The structure of Egyptian history remains, as always, its


chronology. Unlike the other cultures which surrounded the
Nile Valley and remained, for all practical purposes, in a
preliterate stage, pharaonic civilization developed writing in
Early Dynastic times and so was able to systematize its
complex society around key historical and chronological
events. During the first dynasty and the second, for example,
a rudimentary system of calendrics was developed with the
interconnected system of regnal-year dating (counting the
years of a king's reign). Although little is known from sources
of that period, the Egyptians worked with a relatively
efficient method of time demarcation that included separate
names or designations for the pharaoh's years in office;
however, it does not seem that any overt reckoning based on
dynasties or ruling houses (families) was then in operation.

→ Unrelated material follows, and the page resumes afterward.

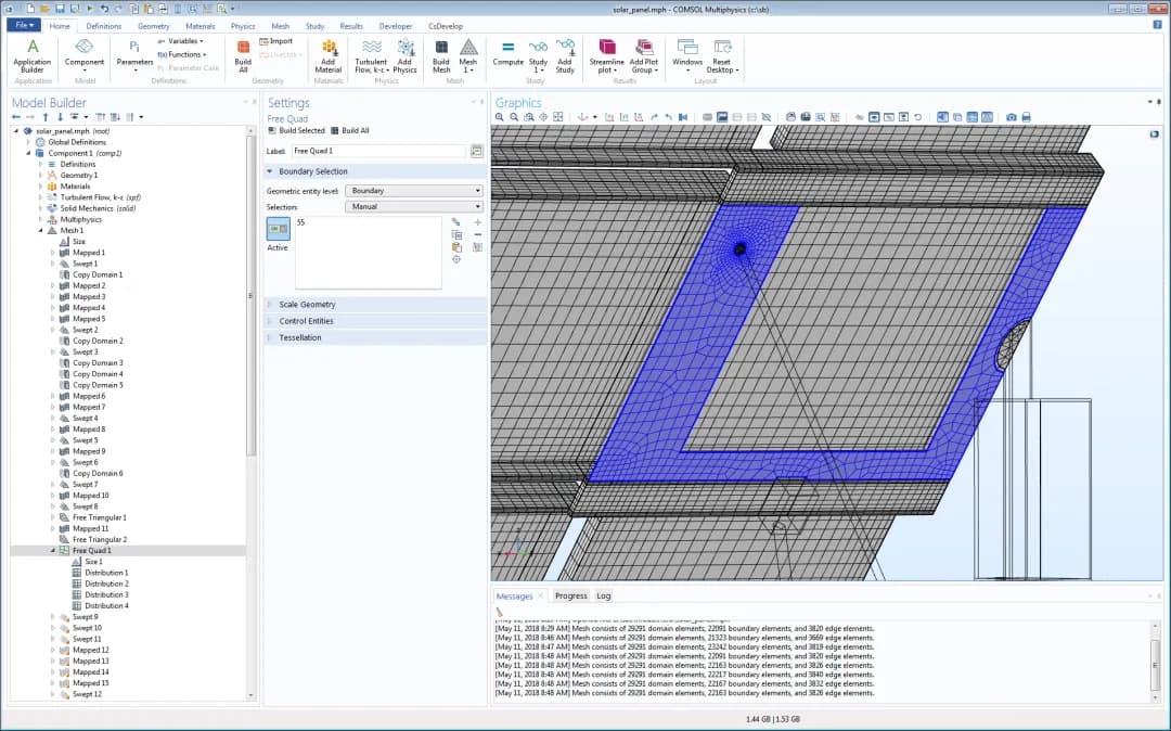 这个面也可以通过自由三角形网格操作划分网格,但那样会产生更多的单元。还可以看出,从相邻的映射网格测量的增长率并不是最好的。支架位于太阳能电池板的下侧,对流动的影响较少,因此网格主要影响模型的结构力学部分,对于这部分来说,增长率并非关键因素。

Our present historical schema of dividing the history of Egypt
into periods called "Kingdoms" (Old, Middle, and New) is a
modem one; it is based on the Egyptian eras of political unity
and effective internal pacification. Developed by
Egyptologists in the nineteenth century, this division
depended on a wealth of textual and pictorial data that
emanated from economically and politically viable epochs,
not all of which fit neatly into separate dynasties. Moreover,
since the earliest dynastiesin particular the first twowere
barely known at that time, the collective unity of the "Old
Kingdom" was set from the third to the sixth dynasty.

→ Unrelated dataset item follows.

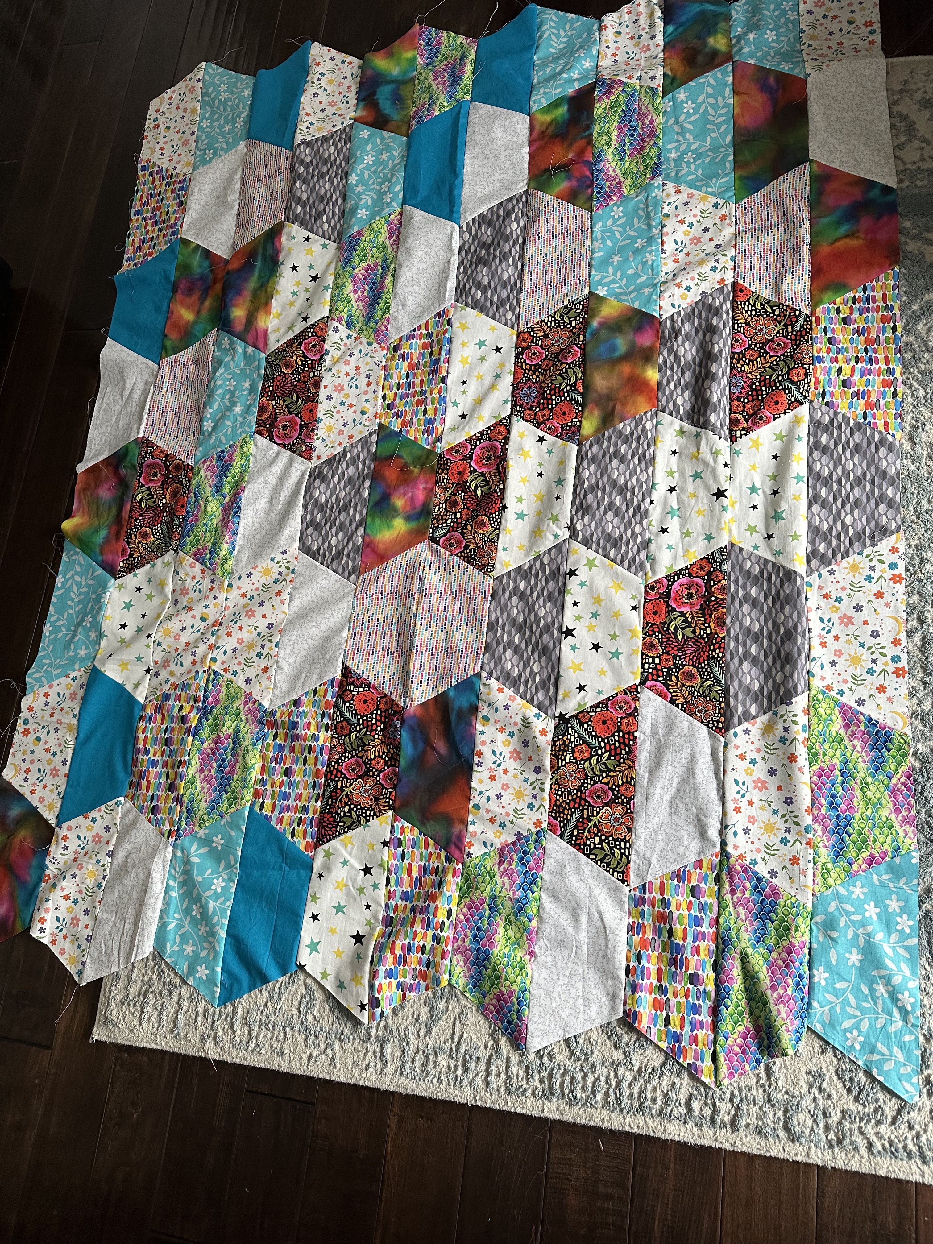 My least favorite part about sewing is cutting. Quilting is A LOT of cutting. This is the reason I haven’t done much quilting beyond my two rudimentary quilts and a few table runners. The Cricut Maker cuts fabric. And there are two free ready-to-make patterns in the Cricut database. I opted to try the slightly spicier of the two, the “half-hexi” quilt.

Similarly, as the second phase of pharaonic unity occurred
within the eleventh
Dynasty (under Nebhepetre Montuhotep I), rather than at the
end of one, the term "Middle Kingdom" came to encompass a
period that did not properly coincide with a break between
ruling houses. The same may be said for the end of that era
of stability; in the eighteenth century BCE, the ruling house
of the thirteenth dynasty was pushed out of the north, where
a rival kingdom was based. In that case, the designation
"Middle Kingdom" ends at a time in which the legitimate
rulers were faced with an effective new dynasty, not with the
total demise of their own.

The Egyptians, although witnessing and understanding their


periods of social harmony and strength as well as those of
civil war, disunity, and relative weakness, nonetheless did
not arrange their own schema of history to reflect that
inherent dichotomy. In fact, the present-day detailed listing
of various dynastiesfrom the presumed foundation of the
unified state in the first dynasty (the joining of the Two
Lands) to the very endwas developed over a long time
period. It began with Manetho, an Egyptian priest from the
Nile Delta, who wrote in Greek for the Ptolemies, his foreign
overlords (c.280 BCE); his king lists formed the basis of the
Classical era's understanding of Nile Valley history and
remains the basis for ours. Although the records concerning
the various ruling houses with which Manetho worked
reflected, to no small degree, the inherent political
segmentation of ancient Egypt, it can be shown that many of
his divisions were not based on sources contemporary with
those dynasties. For Egyptologists, the major outline of Early
Dynastic history remains the fifth dynasty Palermo Stone, as
well as additional fragments that may belong to another
stela.
The Palermo Stone covers, in a very schematic fashion, the
regnal years of the pharaohs, which were set within their civil
calendar (of 365 days/annum). Although Predynastic rulers
were included, they are mere names. Only for the pharaohs
of the first two dynasties (the so-called Archaic Age or Early
Dynastic period) is there evidence that connects a king's
year with a specific event. Usually religious in import, these
early regnal years appear to be brief designations of the
most important event that occurred within the given year;
full reigns with integers from one onward were not the rule.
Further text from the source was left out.